在湘西一个依山而建的老寨里, 住着76岁的石老伯。十年前,那是他人生中一个充满干劲和盼头的年份。在外打工多年,加上省吃俭用,他攒下了两万块钱,那是计划用来翻新自家吊脚楼、给儿子娶媳妇的“希望基金”。钱存在信用社,他心里总有些不踏实——老一辈人对砖墙的信任,有时胜过纸质的存折。
于是,在一个雨后的清晨, 他做了一件自认为无比稳妥的事:从两万块中数出五千元现金,小心翼翼地用油纸包了两层,又套上一个厚实的塑料袋,仔细封好口。然后,他挪开堂屋神龛后面一块活动的青砖,将那个鼓鼓囊囊的包裹,严严实实地塞进了墙体的缝隙深处,再把砖块推回原处。在老人朴素的观念里,这堵承重墙干燥、隐蔽,是最可靠的“保险柜”。做完这一切,他拍了拍手上的灰,长舒一口气,仿佛把一份重要的未来,妥帖地安放进了时光的保险箱。

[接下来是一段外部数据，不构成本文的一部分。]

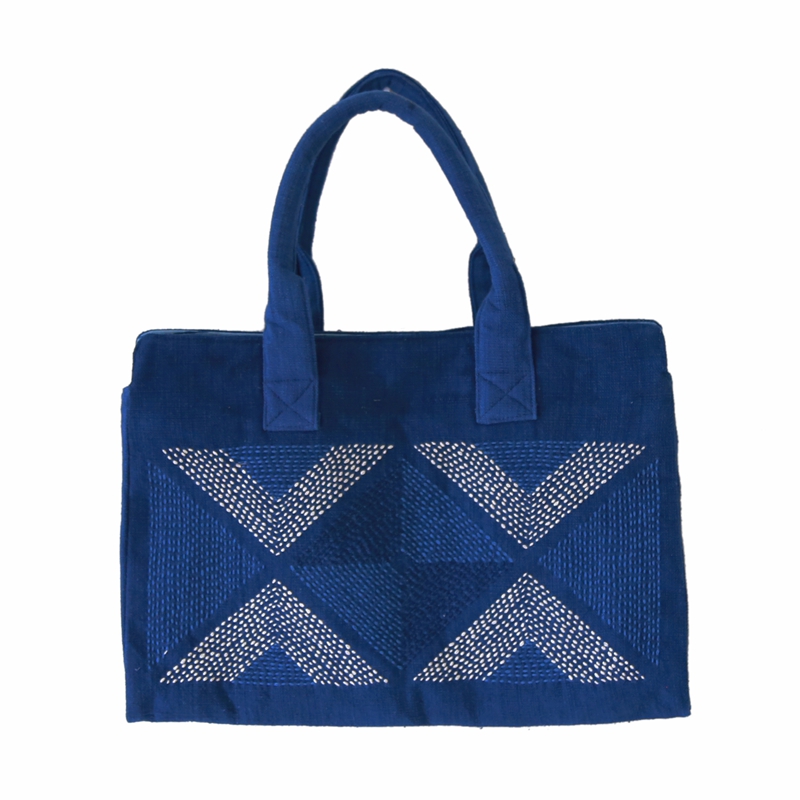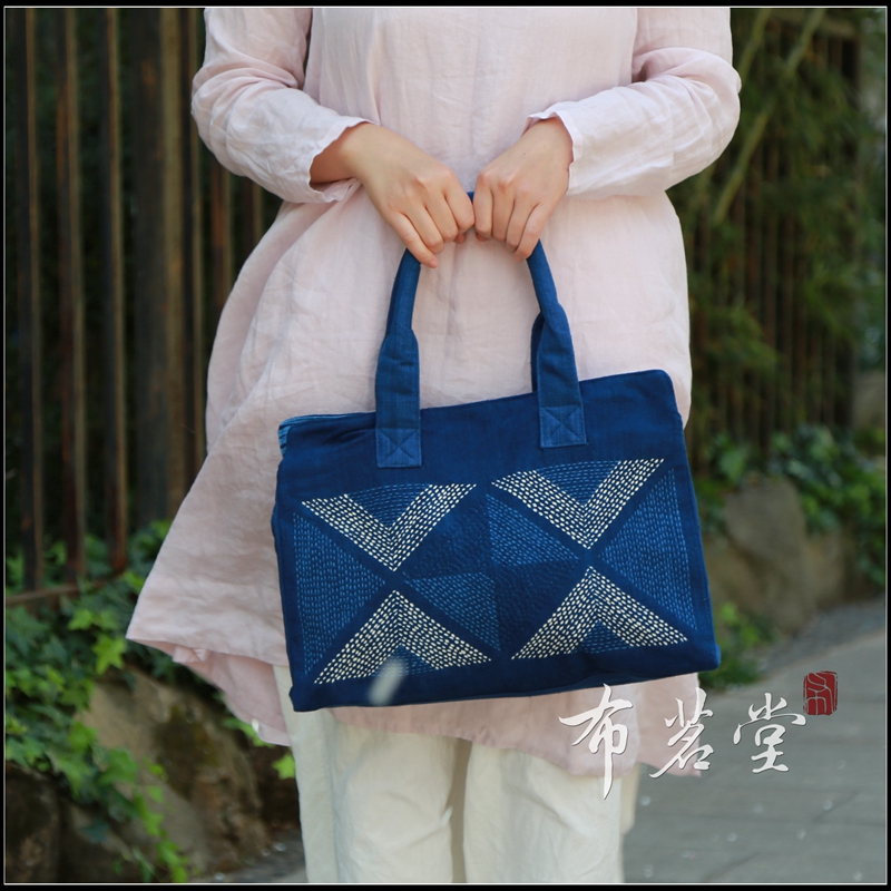 Cloth Mingtang handmade thorn heavy embroidery shoulder bag pure cotton hemp plant blue dyed cloth hand embroidery fabric bag

岁月如流水,潺潺而过。 吊脚楼用其他钱翻新了,儿子也成了家去了省城。那笔藏在墙里的钱,在忙碌的生活和日渐退化的记忆里,竟被石老伯渐渐淡忘了。直到今年春天,寨子里规划线路改造,需要在他家外墙附近施工。儿子回来帮忙收拾,偶然间问起老人是否还有老物件藏在屋里,免得被震动影响。
这一问,像一把钥匙, 猛地打开了石老伯记忆深处那把生锈的锁。“墙!钱!”他几乎是从竹椅上弹起来,颤巍巍地领着儿子冲到神龛后。当那块熟悉的青砖被再次挪开,掏出来的,却不是预想中那个方正的油纸包,而是一团被潮气浸润得颜色深暗、几乎与墙泥融为一体的、软塌塌的东西。
塑料袋早已老化黏连,油纸也脆弱不堪。 轻轻一碰,包裹就散了架。里面的纸币,展现在爷俩面前的,是一副令人心碎的景象:大部分已严重霉变、黏结成团,边缘布满黑绿色的霉斑,轻轻一捻就碎成屑;一些虽还维持着纸币的形状,但纸质酥脆,布满水渍和锈蚀的印痕,图案模糊不清;只有最中间、被包裹得最严实的几十张,还勉强能看出是红色的百元钞票,但也色泽黯淡,质地僵硬,仿佛轻轻一抖就会碎裂。
五千元,曾经厚厚的一沓“硬通货”,在南方山墙十年不为人知的潮湿、闷热与微生物作用下,变成了一堆看似一文不值的、散发着淡淡霉味的“废纸”。儿子看得直叹气,石老伯更是捶胸顿足,后悔不迭。
“爸,要不算了吧,就当丢了。”儿子看着父亲灰败的脸色,劝慰道。
“不成!”石老伯的倔劲上来了,他想起以前好像听人说过,破损的钱银行能给换。他小心翼翼地将那堆“残骸”里所有还能看出是纸币的碎片,尽量平整地收集起来,用干燥的新棉布一层层隔开,装进一个竹篮里。“死马当活马医,去镇上信用社问问!”
到了镇上的农村信用社, 柜台工作人员看到老人从竹篮里捧出这么一堆“惨不忍睹”的纸币碎片时,也吃了一惊。他们从未见过保存如此之差、损毁面积如此之大的现金。按照规定, 残缺、污损人民币的兑换,需根据票面剩余面积、图案、文字能否辨别真伪等要素,予以全额、半额或不予兑换。
工作人员没有因为纸币的污秽而推诿, 他们戴好手套,请来主管,在专门的台面上,极其耐心、细致地开始“拼图”和鉴定工作。这个过程花了近两个小时。他们用镊子轻轻拨开黏连的碎片,比对纹路,在验钞机和放大镜下仔细辨别防伪特征。
结果令人意外又惊喜:
全额兑换部分 :约有二十余张百元纸币,虽然污损,但面积保存超过四分之三,图案、文字、防伪特征均清晰可辨,符合全额兑换标准。
半额兑换部分 :另有三十多张,损毁面积约在二分之一到四分之三之间,主要图案和防伪特征可识别,可按半额(即50元)兑换。
无法兑换部分 :剩下的近半纸币,已炭化、霉烂或碎片太小,无法拼凑识别,只能作废。
经过严格清点核算,最终, 石老伯这堆原本看似“打了水漂”的五千元残币, 竟成功兑换回了12500元人民币 !不仅一分没少,还因为其中部分属于2005年版的百元纸币(仍在流通),而霉烂作废的部分被剔除后,整体可兑换金额在严格的鉴定程序下,得出了这个超出预期的数字。